20 Bu arada Saul'un öbür kızı Mikal Davut'a gönül vermişti. Bunu duyan Saul sevindi.
But Michol the other daughter of Saul loved David. And it was told Saul, and it pleased him.
21 “Davut'a Mikal'ı veririm” diye düşündü, “Öyle ki, Mikal Davut'u tuzağa düşürür; Filistliler de onu öldürür.” Davut'a, “Bugün damadım olmak için yine fırsatın var” dedi.
And Saul said: I will give her to him, that she may be a stumblingblock to him, and that the band of the Philistines may be upon him. And Saul said to David: In two things thou shalt be my son in law this day.
22 Sonra görevlilerine, Davut'a gizlice şunları söylemelerini buyurdu: “Bak, kral senden hoşnut, bütün görevlileri de seni seviyor. Kralın damadı olmanın zamanı geldi.”
And Saul commanded his servants to speak to David privately, saying: Behold thou pleasest the king, and all his servants love thee. Now therefore be the king’s son in law.
23 Saul'un görevlileri bu sözleri Davut'a ilettiler. Davut, “Yoksul ve önemsiz biriyken kralın damadı olmak sizce küçük bir şey mi?” diye karşılık verdi.
And the servants of Saul spoke all these words in the ears of David. And David said: Doth it seem to you a small matter to be the king’s son in law? But I am a poor man, and of small ability.

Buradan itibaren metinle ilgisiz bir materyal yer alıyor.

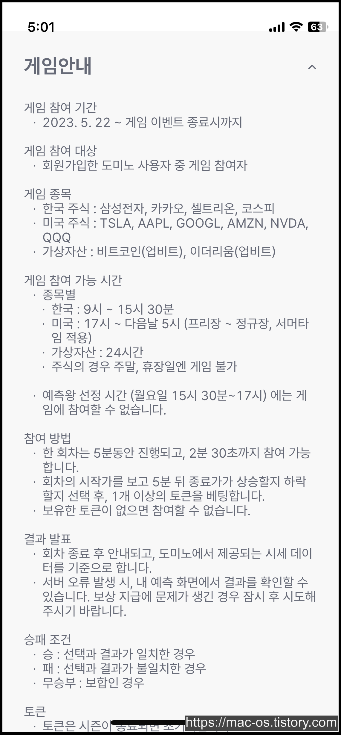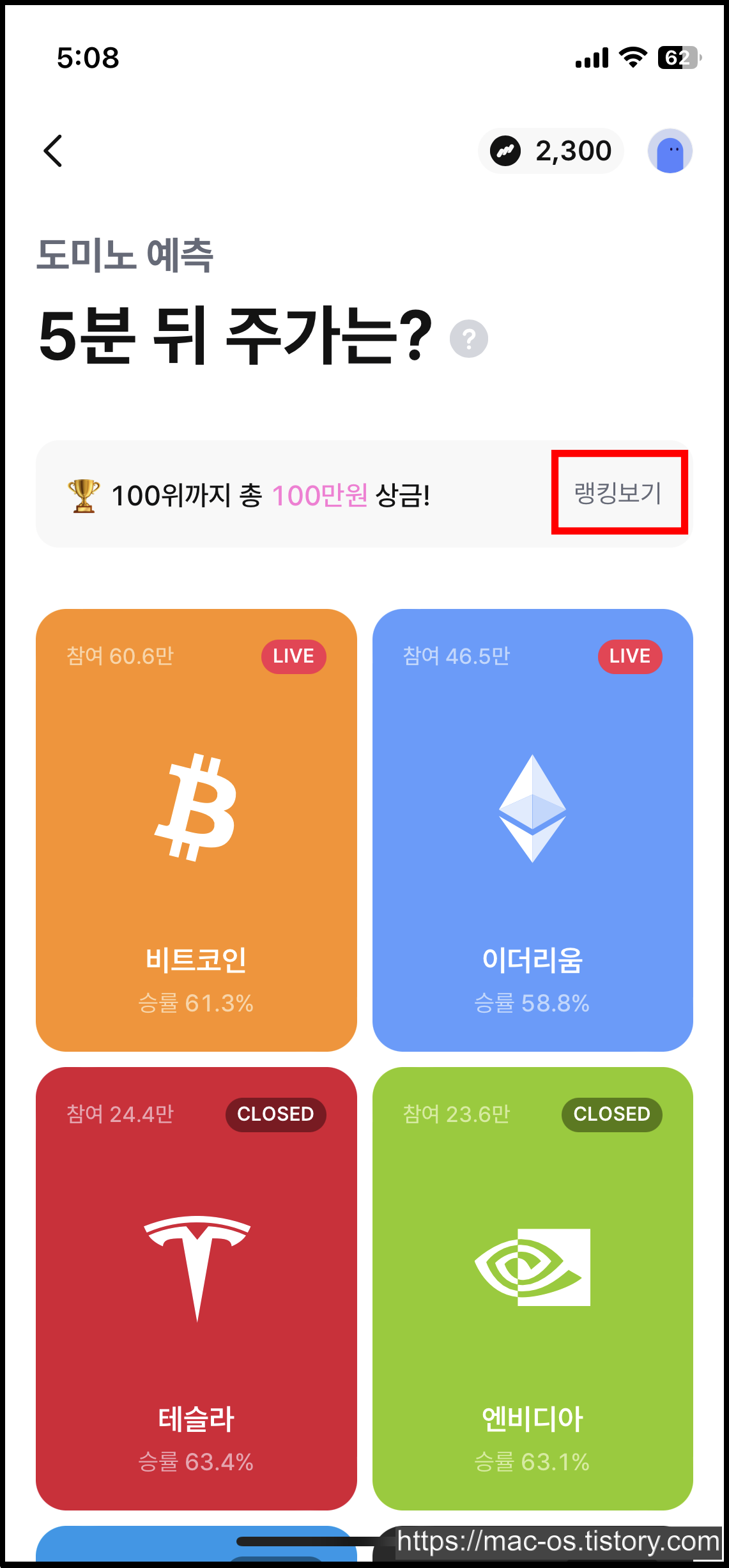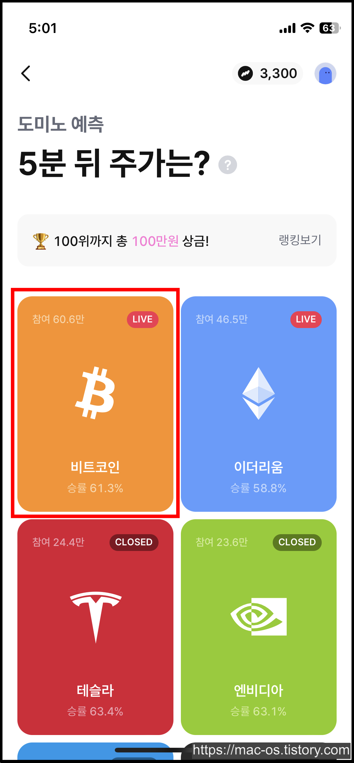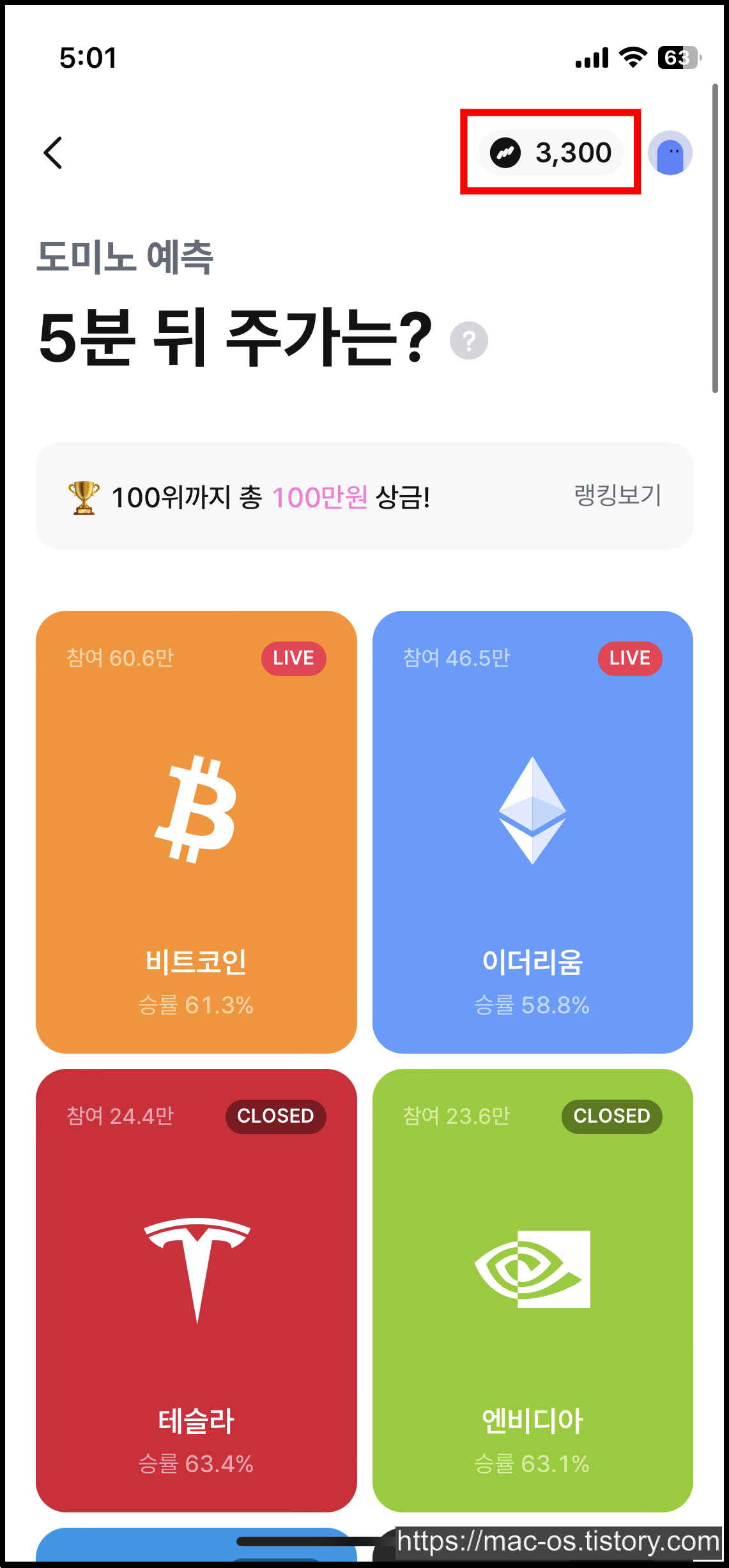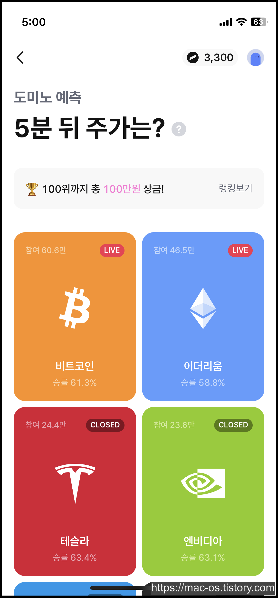 비트코인이나 이더리움, 테슬라, 엔비디아 등 가상화폐나 해외주식의 5분 뒤 주가가 상승할지 하락할지 예측하는 게임임. 주가를 예측할 때 토큰이라는 화폐를 사용하게 되며, 토큰을 많이 모은 순위에 따라 보상으로 포인트가 지급됨

24 Görevliler Davut'un dediklerini Saul'a bildirdiler.
And the servants of Saul told him, saying: Such words as these hath David spoken.
25 Saul şöyle buyurdu: “Davut'a deyin ki, ‘Kral düşmanlarından öç almak için başlık parası olarak yüz Filistli'nin sünnet derisinden başka bir şey istemiyor.’” Davut'un Filistliler'in eline düşüp öleceğini tasarlıyordu.

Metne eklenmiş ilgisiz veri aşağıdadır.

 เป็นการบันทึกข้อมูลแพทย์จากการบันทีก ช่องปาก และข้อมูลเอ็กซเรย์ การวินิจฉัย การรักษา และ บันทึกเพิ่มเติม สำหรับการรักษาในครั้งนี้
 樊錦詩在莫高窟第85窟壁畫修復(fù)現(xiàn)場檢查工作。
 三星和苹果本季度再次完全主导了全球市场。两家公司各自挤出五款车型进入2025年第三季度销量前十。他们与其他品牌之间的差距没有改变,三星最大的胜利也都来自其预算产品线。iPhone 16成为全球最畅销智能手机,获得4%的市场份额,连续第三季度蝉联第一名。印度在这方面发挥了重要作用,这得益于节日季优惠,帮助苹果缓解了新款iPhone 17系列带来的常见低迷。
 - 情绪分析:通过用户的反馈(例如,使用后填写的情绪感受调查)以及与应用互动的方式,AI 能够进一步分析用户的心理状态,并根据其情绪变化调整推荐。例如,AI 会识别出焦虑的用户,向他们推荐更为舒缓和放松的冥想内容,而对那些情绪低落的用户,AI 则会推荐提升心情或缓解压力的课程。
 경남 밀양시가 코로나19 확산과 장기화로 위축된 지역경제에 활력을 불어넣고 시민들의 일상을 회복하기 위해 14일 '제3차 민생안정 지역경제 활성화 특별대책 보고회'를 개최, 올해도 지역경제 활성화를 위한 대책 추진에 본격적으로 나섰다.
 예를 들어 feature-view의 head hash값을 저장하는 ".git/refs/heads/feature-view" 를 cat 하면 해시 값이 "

And Saul said: Speak thus to David: The king desireth not any dowry, but only a hundred foreskins of the Philistines, to be avenged of the king’s enemies. Now Saul thought to deliver David into the hands of the Philistines.
26 Görevliler Saul'un söylediklerini Davut'a ilettiler. Davut, kralın damadı olacağına sevindi. Tanınan süre dolmadan
And when his servants had told David the words that Saul had said, the word was pleasing in the eyes of David to be the king’s son in law.
27 Davut'la adamları gidip iki yüz Filistli öldürdüler. Kralın damadı olabilmek için Davut, öldürülen Filistliler'in sünnet derilerini tam tamına getirip krala sundu. Saul da buna karşılık kızı Mikal'ı eş olarak ona verdi.
And after a few days David rose up, and went with the men that were under him, and he slew of the Philistines two hundred men, and brought their foreskins and numbered them out to the king, that he might be his son in law. Saul therefore gave him Michol his daughter to wife.
28 Saul, RAB'bin Davut'la birlikte olduğunu ve kızı Mikal'ın onu sevdiğini apaçık gördü.
And Saul saw, and understood that the Lord was with David. And Michol the daughter of Saul loved him.
29 Bu yüzden Davut'tan daha çok korktu ve yaşamı boyunca ona düşmanlık besledi.
And Saul began to fear David more: and Saul became David’s enemy continually.
30 Filistli komutanlar saldırdıkça Davut Saul'un öbür komutanlarından daha başarılı oluyordu. Bu yüzden büyük bir üne kavuştu.
And the princes of the Philistines went forth: and from the beginning of their going forth, David behaved himself more wisely than all the servants of Saul, and his name became very famous.